Twenty percent of healthcare leaders say they would not encourage their children to pursue a career in healthcare. And physician leaders are even less sanguine: 39% say they would not recommend the industry to their children, according to the HealthLeaders Media Industry Survey 2009. And they say that even though healthcare continues to be a growth industry, and even though these leaders overwhelmingly describe themselves as satisfied in their work, with just 5% saying they are dissatisfied.

So what is it that troubles them about the state of the industry?

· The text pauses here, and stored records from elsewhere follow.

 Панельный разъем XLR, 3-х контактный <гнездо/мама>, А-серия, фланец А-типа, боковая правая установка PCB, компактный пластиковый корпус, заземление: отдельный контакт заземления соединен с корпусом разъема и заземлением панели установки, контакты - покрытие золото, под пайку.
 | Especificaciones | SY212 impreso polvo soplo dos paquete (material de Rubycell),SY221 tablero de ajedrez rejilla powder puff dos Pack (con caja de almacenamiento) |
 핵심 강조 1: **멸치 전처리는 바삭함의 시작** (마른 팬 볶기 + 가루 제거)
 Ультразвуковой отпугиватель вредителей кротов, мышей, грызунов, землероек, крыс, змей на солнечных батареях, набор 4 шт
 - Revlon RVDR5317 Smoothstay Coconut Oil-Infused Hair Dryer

The reasons vary by sector. Healthcare CEOs list as their top reasons: uncertain future (23%), system broken (20%), and too much regulation, interference (18%). Healthcare finance leaders cite uncertain future (20%) followed by a three-way tie at 16% each: high stress level; declining satisfaction, altruism gives way to greed; and too much regulation, interference. Physician leaders' top reasons are poor compensation/reimbursement (25%), system broken (21%), and too much regulation, interference (15%).

Yes, most HealthLeaders Media Industry Survey respondents would encourage their child to follow in their footsteps, but their reasons are divided between the pragmatic and the idealistic: 41% say it's because healthcare is a practical choice with good long-term demand, while 40% note that a healthcare career is rewarding personally or professionally and mention the value of doing good work and serving others.

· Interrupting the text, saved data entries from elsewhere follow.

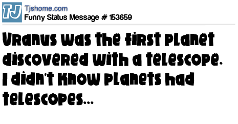 - # 46347 True fact of the day: On March 13, 1781 Uranus was discovered ........ ha ha Uranus
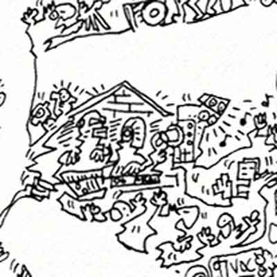 A portrait of the Daft Punk with doodles inside the print. Plenty of details about the duo :
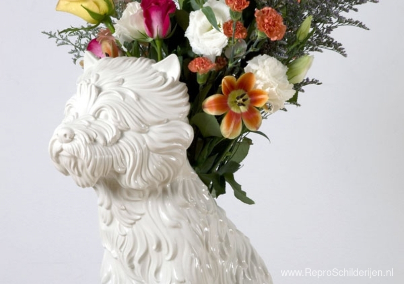 Wij bieden u een ambachtelijke reproductie op doek van het beroemde schilderij 'Puppy vaas' van Jeff Koons, afkomstig uit het Reproductiemuseum.
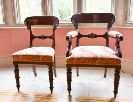 A VERY GOOD SET OF SIXTEEN WILLIAM IV MAHOGANY DINING CHAIRS, CIRCA. 1835, two with arms, padded seats and fluted legs.
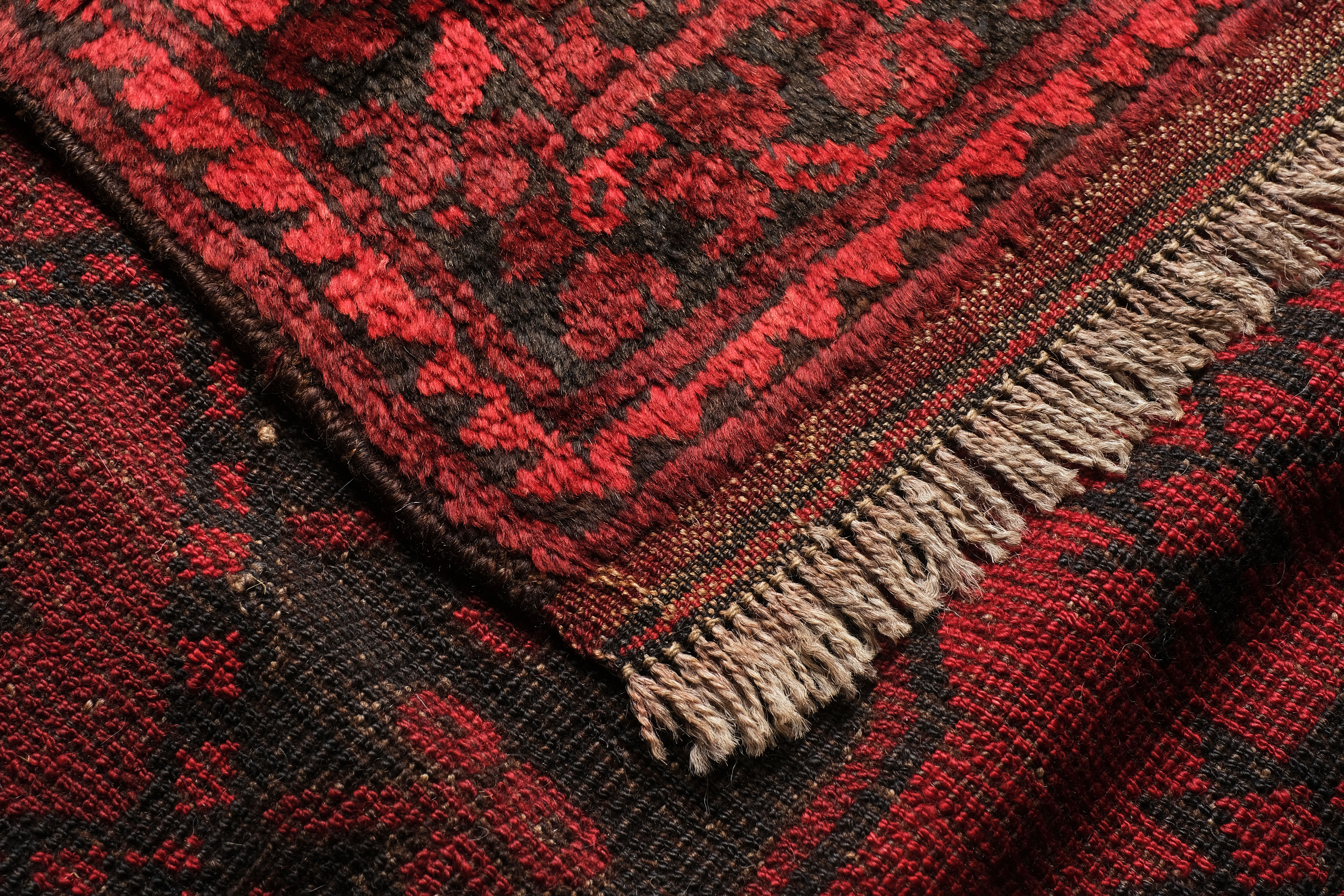 De tapijten uit Afghanistan waren oorspronkelijk overwegend variaties op eenzelfde thema van tal van rode schakeringen met voornamelijk zwarte motieven. Deze kleuren (in zo ver natuurlijke kleurstoffen werden gebruikt) veranderden stilaan in roestbruin en warme terracotta. De motieven waren zeer sober en toch aantrekkelijk voor wie een oog had voor tapijtknoopkunst.
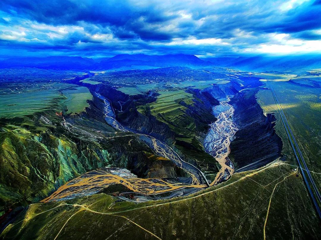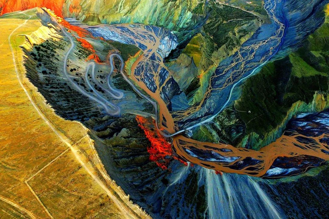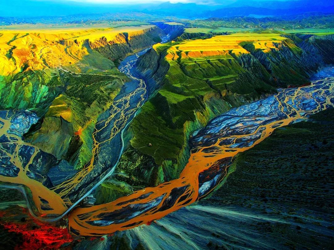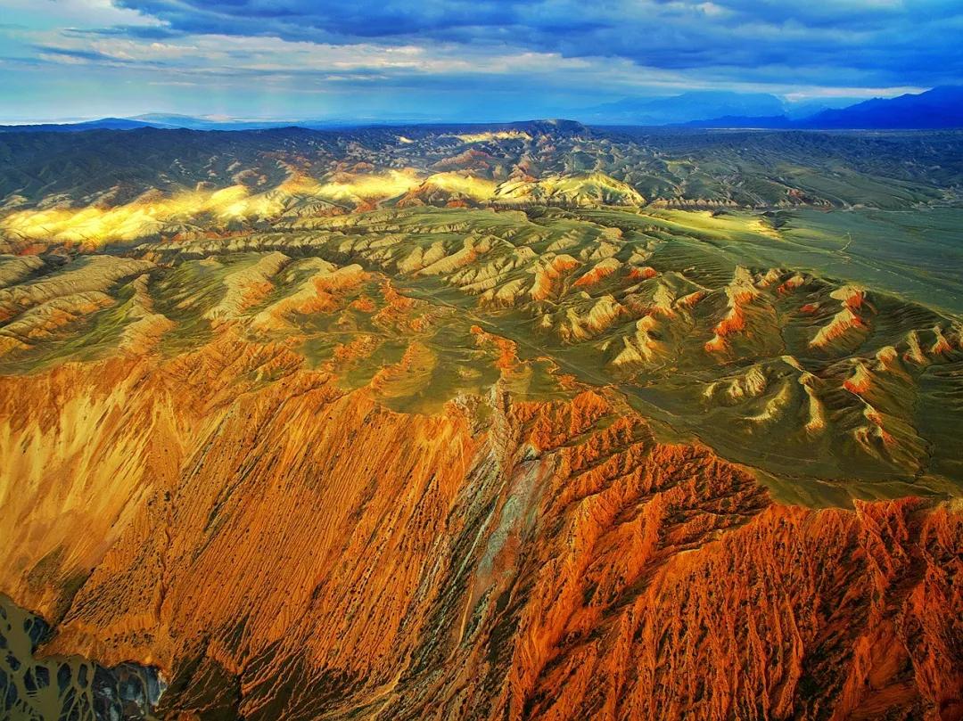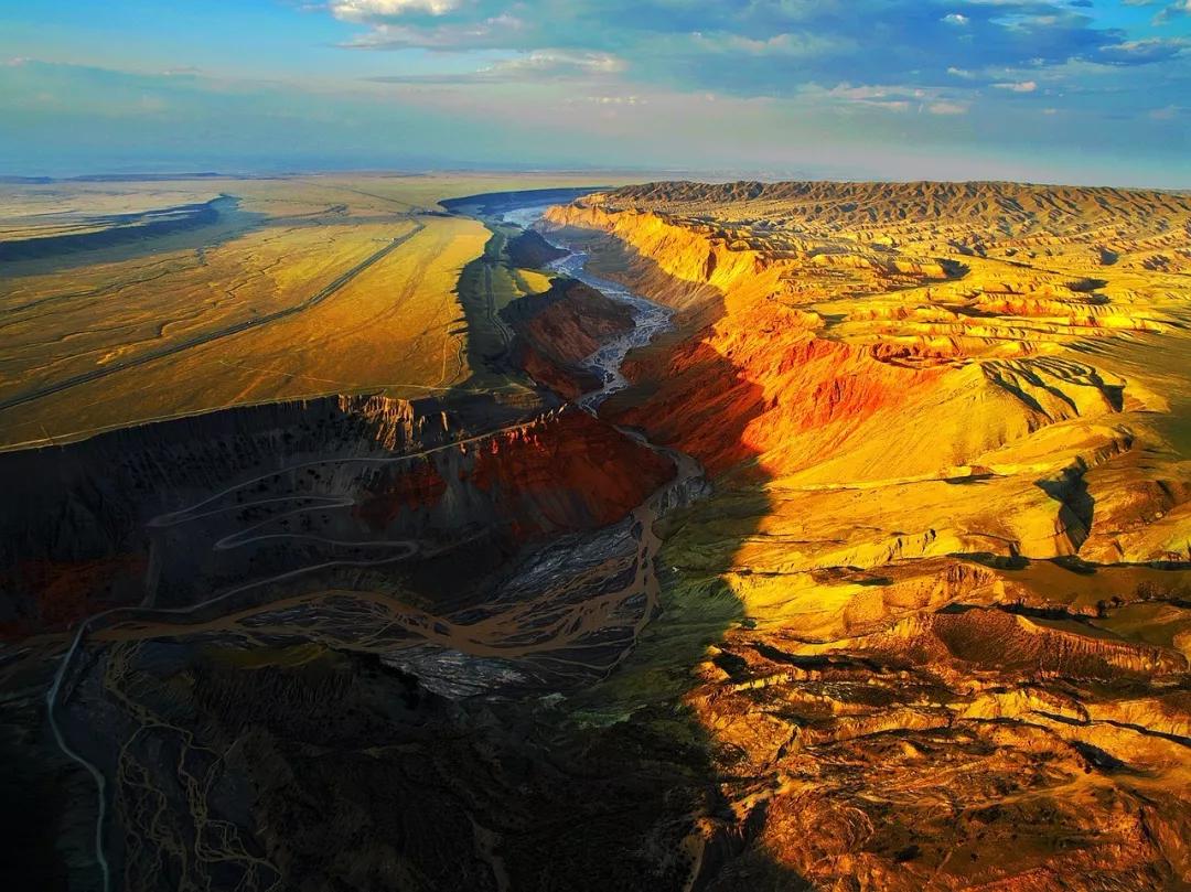 從高空看,安集海峽谷的色彩異常豐富,河流切割大地,將不同顏色的巖層沖刷溶解,形成了一幅絢麗多彩的大地抽象畫景觀。與其他一些色彩灰冷單調(diào)的峽谷相比,擁有紅山、黛崖、青峰、綠島、碧水等豐富色彩的安集海峽谷,就像一條彩帶飛舞在天山北坡腳下,成為中國峽谷群中一條色彩最豐富的大峽谷。
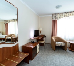 Если вы путешествуете с семьей или приезжаете на длительный срок, то мы готовы предложить Вам наш просторный номер категории «Полулюкс», где есть все необходимое для Вашего комфортного пребывания. Номера находятся на 4 этаже.

But while a significant portion of industry leaders would discourage their child from getting mixed up in healthcare, a large percentage would like to see their Uncle Sam get more involved.

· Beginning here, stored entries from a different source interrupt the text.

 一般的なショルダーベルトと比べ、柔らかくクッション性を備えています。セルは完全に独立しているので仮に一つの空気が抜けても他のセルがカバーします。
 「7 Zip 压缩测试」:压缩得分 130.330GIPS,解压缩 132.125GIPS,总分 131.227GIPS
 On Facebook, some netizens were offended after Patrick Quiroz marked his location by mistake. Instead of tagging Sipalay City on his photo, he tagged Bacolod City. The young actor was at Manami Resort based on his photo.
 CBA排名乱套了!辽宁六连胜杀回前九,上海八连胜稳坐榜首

Nearly half of all respondents (47%) say that the model that offers the best hope for healthcare involves the government: 25% say government-mandated universal health insurance is the way to go and another 22% say government-funded universal healthcare is the answer. The largest share, though, says consumer-directed healthcare is the best choice (34%).

One area of consensus across all sectors of the industry is with leaders overwhelmingly ranking quality/patient safety as the leading organizational priority. Nearly half (47%) call it Priority No. 1 (followed by just 10% who cited physician recruitment/retention). And 69% include quality among their top three priorities, followed by physician recruitment/retention at 35% and consumer satisfaction at 26% of those who make it one of three top choices.

This patient-centered priority across all sectors suggests an important industry shift.
"Quality and patient safety should be the top priority of any healthcare provider," says Jim Molpus, editor-in-chief for HealthLeaders Media. "But to see such strong support across the board is an indication that momentum toward a more extensive review of outcomes and what they mean for care is gaining momentum. It seems that healthcare providers are finally listening to what employers and patients have been telling them to do for years."

While there is broad agreement on the goal of quality and safety, there are real differences among the leaders. And the survey was designed to discover such differences.
"The value of this cross-sector survey stems from our coverage of and access to leaders across healthcare," says Matt Cann, publisher of HealthLeaders Media. Rather than having one survey for CEOs and another for CFOs, and so on, "we decided to ask some key questions of all the healthcare leaders. And sure enough, our cross-sector analysis reveals not only consensus, but some disconnects as well."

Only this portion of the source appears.